Luigi bremste, dann sah er, wie vor ihm dutzende Fahrzeuge in die Tiefe stürzten. Als er sah, wie vor ihm der Boden verschwand, legte er in Panik den Rückwärtsgang ein, stieß die Fahrertür auf und rannte zurück. Der Motor lief noch, Geldbeutel, Ausweise und Schlüssel liegen immer noch im Laster, dessen Bilder nun die halbe Welt kennt.

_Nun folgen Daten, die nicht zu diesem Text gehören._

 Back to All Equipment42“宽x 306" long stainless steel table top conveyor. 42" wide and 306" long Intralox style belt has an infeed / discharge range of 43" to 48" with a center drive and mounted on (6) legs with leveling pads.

In Italien ist das Unvorstellbare passiert. Am 14. August, dem Tag, an dem sich das halbe Land in Bewegung setzt, um das Mittsommernachtsfest Ferragosto im Kreis der Familie zu feiern, stürzt eine extrem befahrene Autobahnbrücke bei Genua ein. Auch Urlauber aus Deutschland sind in diesen Tagen unterwegs. Wer schon einmal in Ligurien war, kennt das hoch gelegene Polcevera-Viadukt bei Genua auf der A 10 zwischen Flughafen und Hafen. Nun endet die Fahrbahn brüsk in der Luft.

Neben den bislang 39 Toten melden die Behörden 16 zum Teil Schwerverletzte, wobei fünf Leichen noch nicht identifiziert werden konnten. Die Feuerwehr sucht mit Hunden, obwohl es kaum Hoffnung auf Überlebende gibt. Mehr als 30 Autos und drei Laster sollen wie Spielzeug in die Tiefe gestürzt sein und begruben Menschen unter sich. Die Trümmer stürzten auf Bahngleise und kaum besiedeltes Industriegebiet, sonst hätte es wohl noch mehr Opfer gegeben.

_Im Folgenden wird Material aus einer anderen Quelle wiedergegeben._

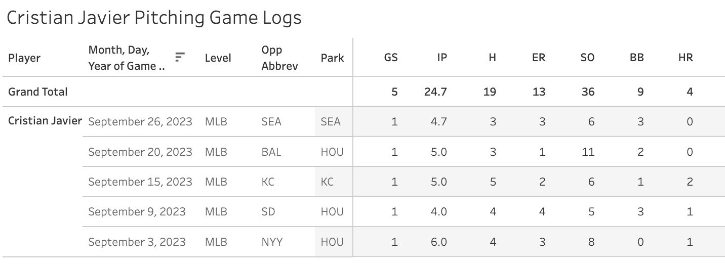 Pretty great result there with just the one hit, but you can see that the strikeout rate came way down and there was a big problem throwing strikes. His Strike% was bad at 39.8% and the Ball% was the third-highest on the night at 46.9%. Now, since September:

„Nein“, sagt Oberstaatsanwalt Francesco Cozzi am Mittwoch sehr bestimmt auf die Frage von Journalisten in Genua, ob es sich bei dem Einsturz um ein zufälliges, fatales Schicksalsereignis, eine „fatalità“ handelt. Seine Behörde ermittelt bereits gegen Unbekannt. Denn es scheint eindeutig, dass menschliche Nachlässigkeit die 1967 eingeweihte und über 1100 Meter lange Morandi-Brücke zum Einsturz gebracht hat.

„Brücken stürzen nicht zufällig ein“, behauptet der aus Genua stammende italienische Star-Architekt Renzo Piano. „Sie sind Symbole.“ Man kann hinzufügen: Der Einsturz der Morandi-Brücke in Genua ist auch ein Symbol für die Nachlässigkeit Italiens mit sich selbst. Denn wer das Land in diesen Jahren erlebt und beobachtet, wundert sich kaum noch über derartige Ereignisse.

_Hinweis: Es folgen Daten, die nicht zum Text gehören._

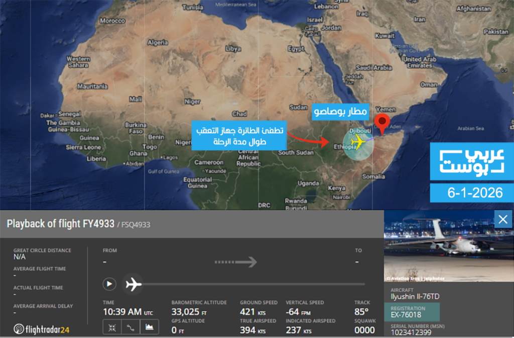 الطائرة EX-76018 في 6 يناير 2026 أصبح مسارها ذهاباً وإياباً من بوصاصو هو النمط السائد، مع توقف جهاز التعقب طوال مدة الرحلة تقريباً – – عربي بوست – FlightRadar24

Genua und Ligurien waren in den vergangenen Jahren Schauplatz verheerender Überschwemmungen, die der Natur angelastet werden, aber durch Klimawandel und Bauwut auch menschengemacht sind. In Rom gehen wöchentlich Busse wegen mangelnder Wartung in Flammen auf, es gibt eine Autobahnbrücke auf dem Weg zum Flughafen, deren Stabilität nicht gewährleistet sein soll, auf der sich aber täglich der Verkehr staut. Brücken in Kalabrien und Sizilien gelten als einsturzgefährdet.

Viele von ihnen sind völlig überlastet. In den letzten Jahren stürzten Viadukte bei Ancona, Agrigent und Fossano ein. Wenige Menschen starben, deshalb gab es kaum Schlagzeilen. Die Situation in Genua ist besonders prekär. Die zwischen Wasser und Hügeln gebaute Stadt ist dem enormen Verkehrsaufkommen längst nicht mehr gewachsen.

5000 Laster sollen die Morandi-Brücke täglich überquert haben, mehr als 25 Millionen Fahrzeuge pro Jahr, das ist viermal so viel wie vor 30 Jahren. Seit Jahren wird über die Empfindlichkeit der mehr als 50 Jahre alten Brücke diskutiert, manche, wie Antonio Brencich von der Universität Genua, sahen die Tragödie kommen. „Bisher wurde so viel Geld in die Reparaturen gesteckt, wie ein kompletter Neubau gekostet hätte“, sagt er. Bereits vor zwei Jahren hat der Fachmann ein Interview gegeben und zum Neubau der Brücke aufgerufen.

Nun beginnt die Jagd nach den Schuldigen. Die Verantwortlichen der Autobahngesellschaft Autostrade d’Italia stehen ganz oben auf der öffentlichen Abschussliste. Auch von großen Infrastruktur-Plänen ist in Italien nun die Rede, von systematischen Untersuchungen bei Brücken, Tunnels und Viadukten.

Über Genua wurde am Mittwochabend ein zwölfmonatiger Ausnahmezustand verhängt. Bei einer Krisensitzung des Ministerrates in der Hafenstadt sei außerdem eine Soforthilfe von fünf Millionen Euro freigegeben worden, sagte Ministerpräsident Giuseppe Conte. Er schrieb auf Facebook: „Was in Genua passiert ist, ist nicht nur für die Stadt, sondern auch für Ligurien und ganz Italien eine tiefe Wunde.“ Italien könne sich keine weiteren Tragödien wie diese erlauben, schrieb er. Es klang eher nach einem Wunsch als nach echter Überzeugung.